EXERCISE INSTRUCTIONS: Line by line, retype the whole listing exactly.

RECORD EXCERPTS:

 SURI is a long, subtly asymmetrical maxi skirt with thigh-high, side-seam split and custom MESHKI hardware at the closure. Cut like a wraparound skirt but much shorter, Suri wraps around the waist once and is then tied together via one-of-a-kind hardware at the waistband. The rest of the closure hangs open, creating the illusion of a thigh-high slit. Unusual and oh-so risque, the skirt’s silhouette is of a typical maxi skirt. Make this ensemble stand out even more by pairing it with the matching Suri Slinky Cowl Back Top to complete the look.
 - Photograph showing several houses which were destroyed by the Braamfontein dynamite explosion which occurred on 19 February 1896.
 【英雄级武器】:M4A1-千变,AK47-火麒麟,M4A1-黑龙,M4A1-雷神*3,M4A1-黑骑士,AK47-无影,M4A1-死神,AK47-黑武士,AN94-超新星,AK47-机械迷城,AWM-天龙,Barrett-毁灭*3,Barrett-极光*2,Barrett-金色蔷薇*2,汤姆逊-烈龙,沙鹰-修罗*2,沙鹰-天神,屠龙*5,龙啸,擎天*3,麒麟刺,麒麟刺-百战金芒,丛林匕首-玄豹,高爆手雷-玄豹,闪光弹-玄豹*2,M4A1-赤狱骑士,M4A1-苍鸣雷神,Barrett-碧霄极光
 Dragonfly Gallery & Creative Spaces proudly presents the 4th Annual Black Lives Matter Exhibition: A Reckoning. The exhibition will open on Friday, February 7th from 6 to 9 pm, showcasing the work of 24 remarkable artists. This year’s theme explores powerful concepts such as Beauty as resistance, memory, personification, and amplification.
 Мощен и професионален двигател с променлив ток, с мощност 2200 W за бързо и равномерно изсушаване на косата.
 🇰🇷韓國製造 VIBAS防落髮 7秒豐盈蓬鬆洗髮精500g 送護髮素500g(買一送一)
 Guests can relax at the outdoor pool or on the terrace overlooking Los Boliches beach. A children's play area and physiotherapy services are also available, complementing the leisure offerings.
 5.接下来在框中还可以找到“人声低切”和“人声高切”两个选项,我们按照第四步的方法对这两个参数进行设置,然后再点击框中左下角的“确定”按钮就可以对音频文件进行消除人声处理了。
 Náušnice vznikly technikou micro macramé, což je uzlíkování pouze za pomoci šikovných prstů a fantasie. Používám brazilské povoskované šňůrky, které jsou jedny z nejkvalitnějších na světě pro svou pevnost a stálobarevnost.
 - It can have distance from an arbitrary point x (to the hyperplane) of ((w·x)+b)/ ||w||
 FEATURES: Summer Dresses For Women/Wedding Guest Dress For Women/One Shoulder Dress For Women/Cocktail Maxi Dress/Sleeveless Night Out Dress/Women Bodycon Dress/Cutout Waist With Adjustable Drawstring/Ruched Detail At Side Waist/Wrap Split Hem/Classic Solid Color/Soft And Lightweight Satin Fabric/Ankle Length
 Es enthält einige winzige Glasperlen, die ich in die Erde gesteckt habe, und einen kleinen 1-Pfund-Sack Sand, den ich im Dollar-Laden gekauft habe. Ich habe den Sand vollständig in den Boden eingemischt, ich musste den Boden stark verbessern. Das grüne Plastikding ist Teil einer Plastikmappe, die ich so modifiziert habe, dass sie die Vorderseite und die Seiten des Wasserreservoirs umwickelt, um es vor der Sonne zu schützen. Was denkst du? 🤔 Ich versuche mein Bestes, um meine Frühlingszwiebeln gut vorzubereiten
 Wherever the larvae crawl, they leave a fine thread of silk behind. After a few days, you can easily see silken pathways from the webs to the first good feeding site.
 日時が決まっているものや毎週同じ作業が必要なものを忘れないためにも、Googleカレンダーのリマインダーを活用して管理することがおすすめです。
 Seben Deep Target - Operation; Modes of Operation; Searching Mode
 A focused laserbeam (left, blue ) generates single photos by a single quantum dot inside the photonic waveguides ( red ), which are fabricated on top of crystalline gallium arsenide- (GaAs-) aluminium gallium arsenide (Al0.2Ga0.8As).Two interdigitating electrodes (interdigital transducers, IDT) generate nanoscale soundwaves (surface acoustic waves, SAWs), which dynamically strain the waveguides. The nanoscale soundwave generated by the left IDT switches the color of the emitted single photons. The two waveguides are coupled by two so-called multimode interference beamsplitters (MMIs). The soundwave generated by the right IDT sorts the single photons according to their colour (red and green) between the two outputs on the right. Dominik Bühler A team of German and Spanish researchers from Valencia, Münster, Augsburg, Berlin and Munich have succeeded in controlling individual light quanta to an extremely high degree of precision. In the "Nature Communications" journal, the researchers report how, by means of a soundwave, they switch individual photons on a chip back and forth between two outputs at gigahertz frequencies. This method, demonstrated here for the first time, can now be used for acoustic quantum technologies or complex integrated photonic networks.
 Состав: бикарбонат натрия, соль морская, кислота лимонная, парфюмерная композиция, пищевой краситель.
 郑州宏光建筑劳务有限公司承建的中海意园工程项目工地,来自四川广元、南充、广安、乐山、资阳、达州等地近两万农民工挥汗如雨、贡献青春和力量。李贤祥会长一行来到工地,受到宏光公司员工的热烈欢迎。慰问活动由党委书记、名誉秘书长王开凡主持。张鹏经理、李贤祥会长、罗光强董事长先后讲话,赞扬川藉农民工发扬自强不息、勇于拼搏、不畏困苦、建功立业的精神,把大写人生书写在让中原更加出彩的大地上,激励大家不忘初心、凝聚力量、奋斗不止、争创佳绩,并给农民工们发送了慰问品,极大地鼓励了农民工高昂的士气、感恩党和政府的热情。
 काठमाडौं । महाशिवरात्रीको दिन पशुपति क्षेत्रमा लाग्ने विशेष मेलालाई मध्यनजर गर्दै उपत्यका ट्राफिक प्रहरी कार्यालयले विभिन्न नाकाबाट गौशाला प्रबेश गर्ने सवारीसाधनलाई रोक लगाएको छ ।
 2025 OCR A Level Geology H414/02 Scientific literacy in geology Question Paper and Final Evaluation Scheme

EXERCISE OUTPUT:
 SURI is a long, subtly asymmetrical maxi skirt with thigh-high, side-seam split and custom MESHKI hardware at the closure. Cut like a wraparound skirt but much shorter, Suri wraps around the waist once and is then tied together via one-of-a-kind hardware at the waistband. The rest of the closure hangs open, creating the illusion of a thigh-high slit. Unusual and oh-so risque, the skirt’s silhouette is of a typical maxi skirt. Make this ensemble stand out even more by pairing it with the matching Suri Slinky Cowl Back Top to complete the look.
 - Photograph showing several houses which were destroyed by the Braamfontein dynamite explosion which occurred on 19 February 1896.
 【英雄级武器】:M4A1-千变,AK47-火麒麟,M4A1-黑龙,M4A1-雷神*3,M4A1-黑骑士,AK47-无影,M4A1-死神,AK47-黑武士,AN94-超新星,AK47-机械迷城,AWM-天龙,Barrett-毁灭*3,Barrett-极光*2,Barrett-金色蔷薇*2,汤姆逊-烈龙,沙鹰-修罗*2,沙鹰-天神,屠龙*5,龙啸,擎天*3,麒麟刺,麒麟刺-百战金芒,丛林匕首-玄豹,高爆手雷-玄豹,闪光弹-玄豹*2,M4A1-赤狱骑士,M4A1-苍鸣雷神,Barrett-碧霄极光
 Dragonfly Gallery & Creative Spaces proudly presents the 4th Annual Black Lives Matter Exhibition: A Reckoning. The exhibition will open on Friday, February 7th from 6 to 9 pm, showcasing the work of 24 remarkable artists. This year’s theme explores powerful concepts such as Beauty as resistance, memory, personification, and amplification.
 Мощен и професионален двигател с променлив ток, с мощност 2200 W за бързо и равномерно изсушаване на косата.
 🇰🇷韓國製造 VIBAS防落髮 7秒豐盈蓬鬆洗髮精500g 送護髮素500g(買一送一)
 Guests can relax at the outdoor pool or on the terrace overlooking Los Boliches beach. A children's play area and physiotherapy services are also available, complementing the leisure offerings.
 5.接下来在框中还可以找到“人声低切”和“人声高切”两个选项,我们按照第四步的方法对这两个参数进行设置,然后再点击框中左下角的“确定”按钮就可以对音频文件进行消除人声处理了。
 Náušnice vznikly technikou micro macramé, což je uzlíkování pouze za pomoci šikovných prstů a fantasie. Používám brazilské povoskované šňůrky, které jsou jedny z nejkvalitnějších na světě pro svou pevnost a stálobarevnost.
 - It can have distance from an arbitrary point x (to the hyperplane) of ((w·x)+b)/ ||w||
 FEATURES: Summer Dresses For Women/Wedding Guest Dress For Women/One Shoulder Dress For Women/Cocktail Maxi Dress/Sleeveless Night Out Dress/Women Bodycon Dress/Cutout Waist With Adjustable Drawstring/Ruched Detail At Side Waist/Wrap Split Hem/Classic Solid Color/Soft And Lightweight Satin Fabric/Ankle Length
 Es enthält einige winzige Glasperlen, die ich in die Erde gesteckt habe, und einen kleinen 1-Pfund-Sack Sand, den ich im Dollar-Laden gekauft habe. Ich habe den Sand vollständig in den Boden eingemischt, ich musste den Boden stark verbessern. Das grüne Plastikding ist Teil einer Plastikmappe, die ich so modifiziert habe, dass sie die Vorderseite und die Seiten des Wasserreservoirs umwickelt, um es vor der Sonne zu schützen. Was denkst du? 🤔 Ich versuche mein Bestes, um meine Frühlingszwiebeln gut vorzubereiten
 Wherever the larvae crawl, they leave a fine thread of silk behind. After a few days, you can easily see silken pathways from the webs to the first good feeding site.
 日時が決まっているものや毎週同じ作業が必要なものを忘れないためにも、Googleカレンダーのリマインダーを活用して管理することがおすすめです。
 Seben Deep Target - Operation; Modes of Operation; Searching Mode
 A focused laserbeam (left, blue ) generates single photos by a single quantum dot inside the photonic waveguides ( red ), which are fabricated on top of crystalline gallium arsenide- (GaAs-) aluminium gallium arsenide (Al0.2Ga0.8As).Two interdigitating electrodes (interdigital transducers, IDT) generate nanoscale soundwaves (surface acoustic waves, SAWs), which dynamically strain the waveguides. The nanoscale soundwave generated by the left IDT switches the color of the emitted single photons. The two waveguides are coupled by two so-called multimode interference beamsplitters (MMIs). The soundwave generated by the right IDT sorts the single photons according to their colour (red and green) between the two outputs on the right. Dominik Bühler A team of German and Spanish researchers from Valencia, Münster, Augsburg, Berlin and Munich have succeeded in controlling individual light quanta to an extremely high degree of precision. In the "Nature Communications" journal, the researchers report how, by means of a soundwave, they switch individual photons on a chip back and forth between two outputs at gigahertz frequencies. This method, demonstrated here for the first time, can now be used for acoustic quantum technologies or complex integrated photonic networks.
 Состав: бикарбонат натрия, соль морская, кислота лимонная, парфюмерная композиция, пищевой краситель.
 郑州宏光建筑劳务有限公司承建的中海意园工程项目工地,来自四川广元、南充、广安、乐山、资阳、达州等地近两万农民工挥汗如雨、贡献青春和力量。李贤祥会长一行来到工地,受到宏光公司员工的热烈欢迎。慰问活动由党委书记、名誉秘书长王开凡主持。张鹏经理、李贤祥会长、罗光强董事长先后讲话,赞扬川藉农民工发扬自强不息、勇于拼搏、不畏困苦、建功立业的精神,把大写人生书写在让中原更加出彩的大地上,激励大家不忘初心、凝聚力量、奋斗不止、争创佳绩,并给农民工们发送了慰问品,极大地鼓励了农民工高昂的士气、感恩党和政府的热情。
 काठमाडौं । महाशिवरात्रीको दिन पशुपति क्षेत्रमा लाग्ने विशेष मेलालाई मध्यनजर गर्दै उपत्यका ट्राफिक प्रहरी कार्यालयले विभिन्न नाकाबाट गौशाला प्रबेश गर्ने सवारीसाधनलाई रोक लगाएको छ ।
 2025 OCR A Level Geology H414/02 Scientific literacy in geology Question Paper and Final Evaluation Scheme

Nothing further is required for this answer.